What is required: All the entries below should be reproduced exactly.

(Records from a dataset)
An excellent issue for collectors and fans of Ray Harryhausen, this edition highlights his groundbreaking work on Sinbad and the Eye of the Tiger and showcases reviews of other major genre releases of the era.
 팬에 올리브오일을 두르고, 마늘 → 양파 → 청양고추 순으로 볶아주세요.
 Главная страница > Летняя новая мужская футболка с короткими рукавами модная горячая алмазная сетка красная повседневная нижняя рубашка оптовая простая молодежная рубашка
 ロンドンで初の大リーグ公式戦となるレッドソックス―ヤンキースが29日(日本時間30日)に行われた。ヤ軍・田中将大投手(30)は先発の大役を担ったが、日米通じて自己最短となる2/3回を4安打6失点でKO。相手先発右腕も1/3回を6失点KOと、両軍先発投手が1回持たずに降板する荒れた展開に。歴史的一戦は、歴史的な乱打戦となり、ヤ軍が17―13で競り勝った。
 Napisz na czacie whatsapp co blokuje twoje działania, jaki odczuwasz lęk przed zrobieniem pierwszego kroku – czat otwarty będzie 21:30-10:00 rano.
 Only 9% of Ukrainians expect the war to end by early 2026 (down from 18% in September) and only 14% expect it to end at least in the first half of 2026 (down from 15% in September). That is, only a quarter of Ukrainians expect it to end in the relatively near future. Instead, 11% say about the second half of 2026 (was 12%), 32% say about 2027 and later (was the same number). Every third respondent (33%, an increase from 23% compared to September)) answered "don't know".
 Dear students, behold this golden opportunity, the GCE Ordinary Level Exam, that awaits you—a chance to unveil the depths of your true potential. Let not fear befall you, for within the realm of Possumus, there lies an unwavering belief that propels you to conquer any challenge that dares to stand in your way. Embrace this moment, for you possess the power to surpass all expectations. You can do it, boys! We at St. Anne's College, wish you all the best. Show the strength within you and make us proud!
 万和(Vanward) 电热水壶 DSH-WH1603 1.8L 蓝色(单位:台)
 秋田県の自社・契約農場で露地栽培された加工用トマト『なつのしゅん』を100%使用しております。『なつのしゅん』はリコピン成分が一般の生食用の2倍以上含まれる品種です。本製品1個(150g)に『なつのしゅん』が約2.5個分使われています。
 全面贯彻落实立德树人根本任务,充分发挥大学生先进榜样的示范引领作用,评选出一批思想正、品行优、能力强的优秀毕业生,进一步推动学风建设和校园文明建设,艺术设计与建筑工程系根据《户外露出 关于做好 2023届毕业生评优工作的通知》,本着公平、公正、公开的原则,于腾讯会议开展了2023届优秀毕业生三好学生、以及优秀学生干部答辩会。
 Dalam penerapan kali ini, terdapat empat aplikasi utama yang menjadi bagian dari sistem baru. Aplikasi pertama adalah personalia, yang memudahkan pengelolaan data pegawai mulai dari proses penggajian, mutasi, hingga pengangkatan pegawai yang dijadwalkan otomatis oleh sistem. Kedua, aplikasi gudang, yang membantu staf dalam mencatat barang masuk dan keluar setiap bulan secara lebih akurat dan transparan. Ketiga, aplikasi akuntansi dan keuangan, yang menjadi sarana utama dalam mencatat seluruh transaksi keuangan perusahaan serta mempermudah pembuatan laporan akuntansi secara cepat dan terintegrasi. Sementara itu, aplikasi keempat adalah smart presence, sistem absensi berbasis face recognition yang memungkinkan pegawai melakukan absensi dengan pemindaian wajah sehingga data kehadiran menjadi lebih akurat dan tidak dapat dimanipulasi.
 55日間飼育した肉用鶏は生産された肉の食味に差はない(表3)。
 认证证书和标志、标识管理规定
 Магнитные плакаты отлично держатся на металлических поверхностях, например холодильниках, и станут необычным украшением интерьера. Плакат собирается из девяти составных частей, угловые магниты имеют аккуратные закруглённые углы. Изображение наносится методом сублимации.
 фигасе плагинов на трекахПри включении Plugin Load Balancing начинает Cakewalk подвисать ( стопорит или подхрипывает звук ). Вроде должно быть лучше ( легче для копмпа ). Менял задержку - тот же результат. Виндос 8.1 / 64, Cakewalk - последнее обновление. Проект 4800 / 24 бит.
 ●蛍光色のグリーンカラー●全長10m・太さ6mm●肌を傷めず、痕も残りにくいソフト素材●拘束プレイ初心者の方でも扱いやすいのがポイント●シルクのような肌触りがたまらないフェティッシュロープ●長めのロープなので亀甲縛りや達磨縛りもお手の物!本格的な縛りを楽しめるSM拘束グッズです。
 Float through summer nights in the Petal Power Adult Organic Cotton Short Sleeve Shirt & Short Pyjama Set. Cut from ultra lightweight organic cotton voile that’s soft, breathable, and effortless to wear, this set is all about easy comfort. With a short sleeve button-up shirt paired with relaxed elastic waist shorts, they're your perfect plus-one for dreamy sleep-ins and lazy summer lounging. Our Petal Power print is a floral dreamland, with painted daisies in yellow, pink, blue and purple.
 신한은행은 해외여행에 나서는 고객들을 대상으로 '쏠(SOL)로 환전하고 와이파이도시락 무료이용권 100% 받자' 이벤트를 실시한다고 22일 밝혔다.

Result for this exercise:
An excellent issue for collectors and fans of Ray Harryhausen, this edition highlights his groundbreaking work on Sinbad and the Eye of the Tiger and showcases reviews of other major genre releases of the era.
 팬에 올리브오일을 두르고, 마늘 → 양파 → 청양고추 순으로 볶아주세요.
 Главная страница > Летняя новая мужская футболка с короткими рукавами модная горячая алмазная сетка красная повседневная нижняя рубашка оптовая простая молодежная рубашка
 ロンドンで初の大リーグ公式戦となるレッドソックス―ヤンキースが29日(日本時間30日)に行われた。ヤ軍・田中将大投手(30)は先発の大役を担ったが、日米通じて自己最短となる2/3回を4安打6失点でKO。相手先発右腕も1/3回を6失点KOと、両軍先発投手が1回持たずに降板する荒れた展開に。歴史的一戦は、歴史的な乱打戦となり、ヤ軍が17―13で競り勝った。
 Napisz na czacie whatsapp co blokuje twoje działania, jaki odczuwasz lęk przed zrobieniem pierwszego kroku – czat otwarty będzie 21:30-10:00 rano.
 Only 9% of Ukrainians expect the war to end by early 2026 (down from 18% in September) and only 14% expect it to end at least in the first half of 2026 (down from 15% in September). That is, only a quarter of Ukrainians expect it to end in the relatively near future. Instead, 11% say about the second half of 2026 (was 12%), 32% say about 2027 and later (was the same number). Every third respondent (33%, an increase from 23% compared to September)) answered "don't know".
 Dear students, behold this golden opportunity, the GCE Ordinary Level Exam, that awaits you—a chance to unveil the depths of your true potential. Let not fear befall you, for within the realm of Possumus, there lies an unwavering belief that propels you to conquer any challenge that dares to stand in your way. Embrace this moment, for you possess the power to surpass all expectations. You can do it, boys! We at St. Anne's College, wish you all the best. Show the strength within you and make us proud!
 万和(Vanward) 电热水壶 DSH-WH1603 1.8L 蓝色(单位:台)
 秋田県の自社・契約農場で露地栽培された加工用トマト『なつのしゅん』を100%使用しております。『なつのしゅん』はリコピン成分が一般の生食用の2倍以上含まれる品種です。本製品1個(150g)に『なつのしゅん』が約2.5個分使われています。
 全面贯彻落实立德树人根本任务,充分发挥大学生先进榜样的示范引领作用,评选出一批思想正、品行优、能力强的优秀毕业生,进一步推动学风建设和校园文明建设,艺术设计与建筑工程系根据《户外露出 关于做好 2023届毕业生评优工作的通知》,本着公平、公正、公开的原则,于腾讯会议开展了2023届优秀毕业生三好学生、以及优秀学生干部答辩会。
 Dalam penerapan kali ini, terdapat empat aplikasi utama yang menjadi bagian dari sistem baru. Aplikasi pertama adalah personalia, yang memudahkan pengelolaan data pegawai mulai dari proses penggajian, mutasi, hingga pengangkatan pegawai yang dijadwalkan otomatis oleh sistem. Kedua, aplikasi gudang, yang membantu staf dalam mencatat barang masuk dan keluar setiap bulan secara lebih akurat dan transparan. Ketiga, aplikasi akuntansi dan keuangan, yang menjadi sarana utama dalam mencatat seluruh transaksi keuangan perusahaan serta mempermudah pembuatan laporan akuntansi secara cepat dan terintegrasi. Sementara itu, aplikasi keempat adalah smart presence, sistem absensi berbasis face recognition yang memungkinkan pegawai melakukan absensi dengan pemindaian wajah sehingga data kehadiran menjadi lebih akurat dan tidak dapat dimanipulasi.
 55日間飼育した肉用鶏は生産された肉の食味に差はない(表3)。
 认证证书和标志、标识管理规定
 Магнитные плакаты отлично держатся на металлических поверхностях, например холодильниках, и станут необычным украшением интерьера. Плакат собирается из девяти составных частей, угловые магниты имеют аккуратные закруглённые углы. Изображение наносится методом сублимации.
 фигасе плагинов на трекахПри включении Plugin Load Balancing начинает Cakewalk подвисать ( стопорит или подхрипывает звук ). Вроде должно быть лучше ( легче для копмпа ). Менял задержку - тот же результат. Виндос 8.1 / 64, Cakewalk - последнее обновление. Проект 4800 / 24 бит.
 ●蛍光色のグリーンカラー●全長10m・太さ6mm●肌を傷めず、痕も残りにくいソフト素材●拘束プレイ初心者の方でも扱いやすいのがポイント●シルクのような肌触りがたまらないフェティッシュロープ●長めのロープなので亀甲縛りや達磨縛りもお手の物!本格的な縛りを楽しめるSM拘束グッズです。
 Float through summer nights in the Petal Power Adult Organic Cotton Short Sleeve Shirt & Short Pyjama Set. Cut from ultra lightweight organic cotton voile that’s soft, breathable, and effortless to wear, this set is all about easy comfort. With a short sleeve button-up shirt paired with relaxed elastic waist shorts, they're your perfect plus-one for dreamy sleep-ins and lazy summer lounging. Our Petal Power print is a floral dreamland, with painted daisies in yellow, pink, blue and purple.
 신한은행은 해외여행에 나서는 고객들을 대상으로 '쏠(SOL)로 환전하고 와이파이도시락 무료이용권 100% 받자' 이벤트를 실시한다고 22일 밝혔다.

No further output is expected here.